The foundation is currently co-chaired by Manuel V. Pangilinan (MVP) of the MVP Group of Companies; Jaime Augusto Zobel de Ayala, chairman and CEO of Ayala Corp.; and Luis Antonio Cardinal Tagle, former Archbishop of Manila and now prefect of the Congregation for the Evangelization of Peoples at the Vatican.

It has the indefatigable Rene “Butch” Meily as president, the equally hardworking Veronica Gabaldon as executive director, and the inimitable Bill Luz as chief resilience officer.

As an initial response to the COVID-19 crisis to help urban poor residents in Metro Manila during the time of the enhanced community quarantine, PDRF, in collaboration with 20 top business groups, raised at least P1.62 billion to fund the distribution of grocery vouchers to a target of over 1 million households in poor Metro Manila urban communities.

Dubbed as Project Ugnayan, the distribution of these food certificates redeemable for groceries was carried out with Caritas Manila’s Project Damayan.

To date, Project Ugnayan has distributed about P1.37 million worth of gift certificates to 5.44 million families or around 7.6 million people.

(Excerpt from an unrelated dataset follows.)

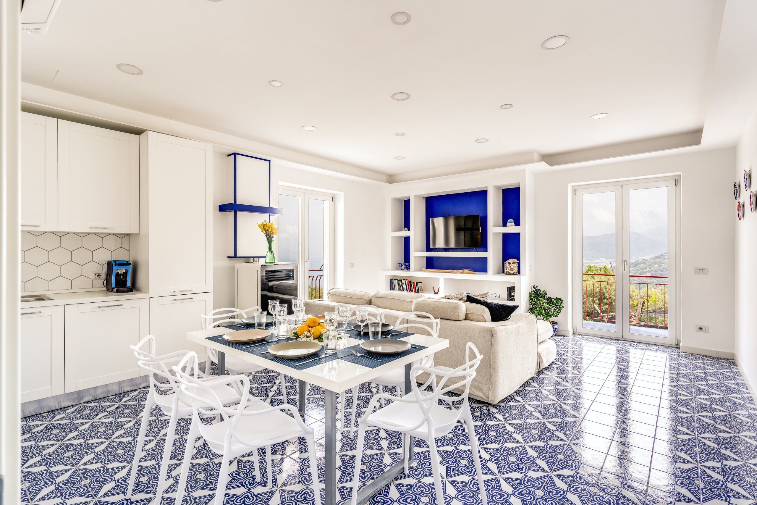 This boutique apartment boasts stunning panoramic views of the Sorrento coastline and the Mediterranean Sea. It’s a charming, chic base for a coastal escape, with pretty interiors – we especially love the colourful tiled floors. The open-plan living, dining and kitchen space is the heart of the home, though you’ll likely spend most of your time on the terrace – it’s a marvellous spot for soaking up the sun and admiring the views. Two guests will be sleeping on a sofa bed in bedroom three, so they’ll still have their privacy.
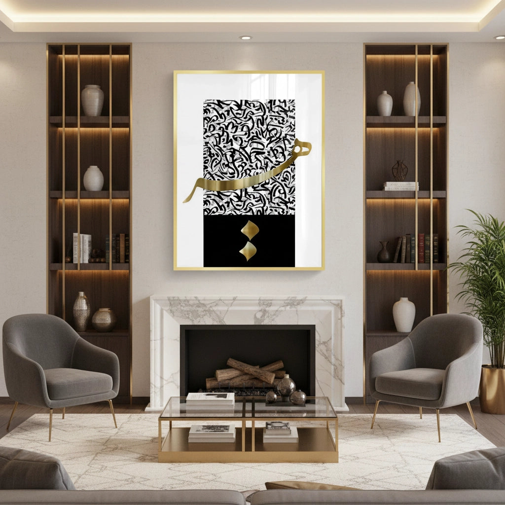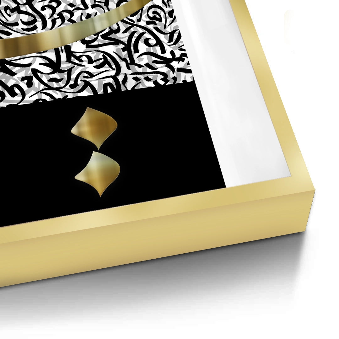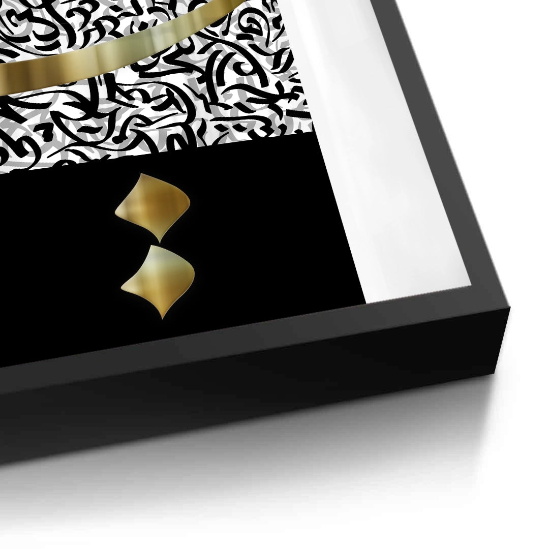 The striking An-Nuqat - The Dot and The Pen print is a profound minimalist interpretation of Surah Al-Qalam's powerful opening. The upper section features flowing white calligraphy against a dramatic black and grey expressive background. Dominating the lower space is the simplified, bold black 'Nun' (ن) letter, highlighting the concept of the single Arabic dot ('Nuqat') and its significance in language and creation. This artwork offers a high-contrast, contemplative, and intensely spiritual statement. Ideal for modern, sophisticated spaces in Dubai.

It has been considered as the single largest private sector-led fundraising collaboration for households affected by the quarantine, a no-fuss and no-politics initiative.

Among the donor companies in Project Ugnayan are the Aboitiz Group, Lopez Group, Alliance Global Group, Ayala Corp. and Zobel family, AY Foundation and RCBC, Bench, Century Pacific, Concepcion Industrial, DMCI Group of Companies, Gokongwei Group of Companies, Enrique Razon-led ICTSI, Jollibee, Mercury Drug Corp., Metrobank, Nutri-Asia, Liwayway Marketing Group, the MVP Group, Pilipinas Shell, Puregold, Ramon S. Ang and family, SM Group, Sunlife of Canada, Unilab, AlphaLand, Cebuana Lhullier, Chito Madrigal Foundation, Coca-Cola, Glorious Commercial Exports Inc., FEU, First Life Financial Co., Focus Global, Penshoppe, PepsiCo Foundation and Shang Properties.

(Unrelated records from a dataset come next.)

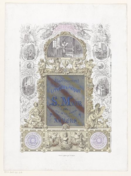 Pierre Vande Steene, a printer in Ghent, created this calling card, using an unknown medium. The card exemplifies the late 19th-century commercial aesthetic, embedding the name and trade within a visual language that spoke to status and taste. Notice the cherubs and elaborate ornamentation—these are not just decorative. They link the printer's services to a longer, more valued artistic tradition. The depiction of Ghent also roots Vande Steene's business within the local community, appealing to civic pride. Ghent was then a bustling industrial city in Belgium, experiencing rapid social and economic change. A business card like this wasn't just informational, it signaled an alignment with progress. To fully understand this card, we'd need to delve into archives of printing history, exploring the conventions and aspirations of the time. The visual style tells us much about the society and institutions in which Vande Steene operated.
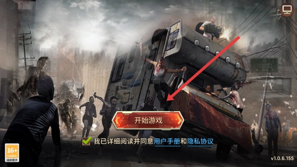 在启动界面,勾选“我已仔细阅读并同意用户手册与隐私协议”,点击【开始游戏】按钮,即可正式踏入丧尸求生的世界。
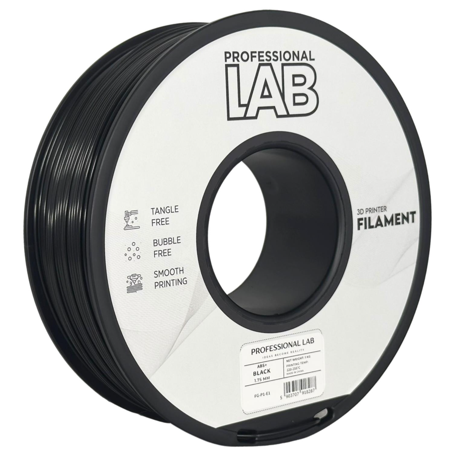 ABS yra tvirtas ir smūgiams atsparus filamentas, puikiai tinkantis funkcinių detalių ir mechaninių komponentų gamybai. Jam reikalingas šildomas stalas ir uždaras spausdinimo korpusas, kad būtų sumažintas deformavimasis, taip pat rekomenduojama naudoti gerai vėdinamoje patalpoje.
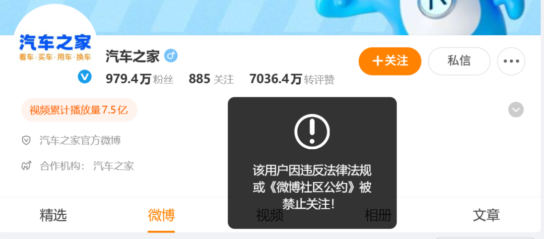 “汽车之家”多个社交平台官方账号被禁止关注,总粉丝超千万
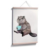 Das Motiv zeigt einen kleinen braunen Biber, der eine mintfarbene Kaffeetasse hält und zufrieden lächelt. Auf der Tasse steht in Grossbuchstaben „damn fine“, was so viel bedeutet wie „verdammt gut“. Ein amüsantes Bild, das gute Laune in dein Zuhause bringt!
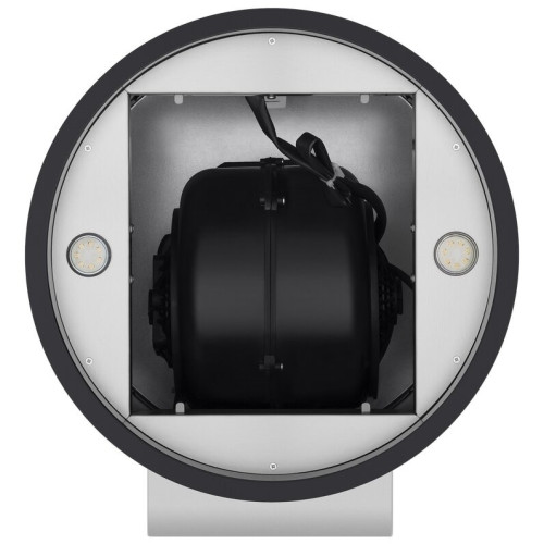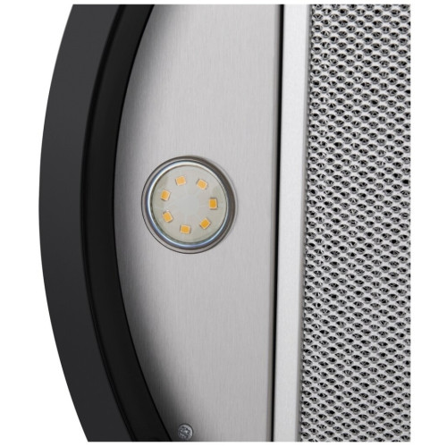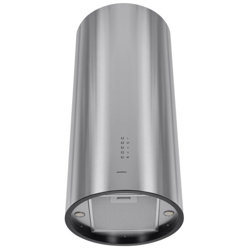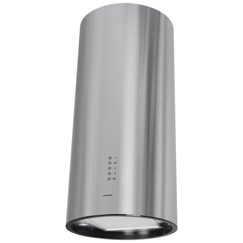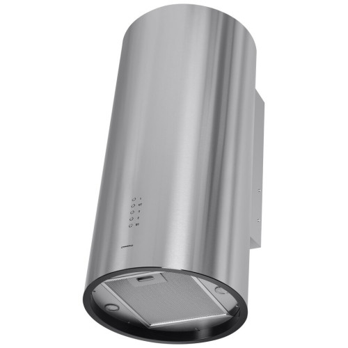 Уникальная вытяжка благодаря неординарному исполнению подчеркнет неповторимый дизайн вашей большой кухни. В модели реализованы две возможности эксплуатации: режим прямого отвода загрязненного воздуха в вентиляционную шахту или режим рециркуляции воздушных масс и их очистки с помощью сменных угольных фильтров. Корпус цилиндрической формы , сделанный из матированной нержавеющей стали, монтируется на стену над варочной поверхностью. Нижний торец вытяжки имеет черную акцентную окантовку. Специальный многослойный жироулавливающий фильтр легко снимается и полностью разбирается, что сильно упрощает его чистку. Электронное управление с подсветкой позволит выбрать один из 4-х режимов работы вентилятора, установить таймер и включить 2 светодиодные лампочки, расположенные по бокам от фильтра. Мощность мотора составляет 260 Вт. Максимальная производительность вытяжки достигает 1000 м 3 /ч. Тихая работа и высокая эффективность вытяжки обеспечиваются периметральным принципом втягивания воздуха и особой конструкцией. Уровень шума при самой высокой скорости работы всего 52 Дб.

Aside from Project Ugnayan, PDRF also launched Project Kaagapay: Protect our Healthcare Heroes to “help bring immediate aid to healthcare professionals and hospitals that are front and center in fighting the spread of the COVID-19 pandemic.”

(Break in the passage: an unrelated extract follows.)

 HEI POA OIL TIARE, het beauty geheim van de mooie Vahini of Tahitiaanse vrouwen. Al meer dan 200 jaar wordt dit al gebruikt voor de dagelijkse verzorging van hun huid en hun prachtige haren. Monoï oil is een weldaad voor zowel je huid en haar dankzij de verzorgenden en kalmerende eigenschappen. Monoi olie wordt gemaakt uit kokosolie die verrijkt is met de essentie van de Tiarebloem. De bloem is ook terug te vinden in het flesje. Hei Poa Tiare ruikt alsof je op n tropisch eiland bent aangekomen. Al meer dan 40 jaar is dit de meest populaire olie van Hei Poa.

This fundraising initiative, in partnership with Zuellig Pharma, ABS-CBN, Metro Drug, and Go Negosyo, aimed to raise over P100 million for much-needed personal protective equipment (PPEs) and ventilators for hospitals in Metro Manila.

As of this writing, a total of 6,750 PPEs were already distributed to frontliners in various hospitals across Metro Manila. Project Kaagapay seeks to provide at least 50 ventilators and 30,000 PPEs.

Also, as a form of support to our frontliners and health heroes, PDRF launched the Project Pagasa to “help scale up medical response efforts in the Philippines and build the pandemic response expertise of Filipino healthcare workers.”

Under this project, a COVID-19 Training of Trainers Program for Philippine Health Workers was recently held together with the Center for Human Rights and Humanitarian Studies (Watson Institute, Brown University) and international relief organization Project HOPE.

Almost 90 doctors, nurses and other health professionals from all over the country took part in the four-day training.

All these efforts continue to this day.

This COVID-19 pandemic ushers in what is called a “new normal,” where life during and after this coronavirus crisis shall never be the same again.

One thing remains steadfast, though, and this shall hold true until the last vestige of the virus has been wiped out, God-willing: that we, as a people, remain tough and resilient, and that part of this resilience is responding to the need to be of aid and of service to our fellow women and men.

May the efforts and the good works of groups like PDRF multiply a hundred, nay, a millionfold.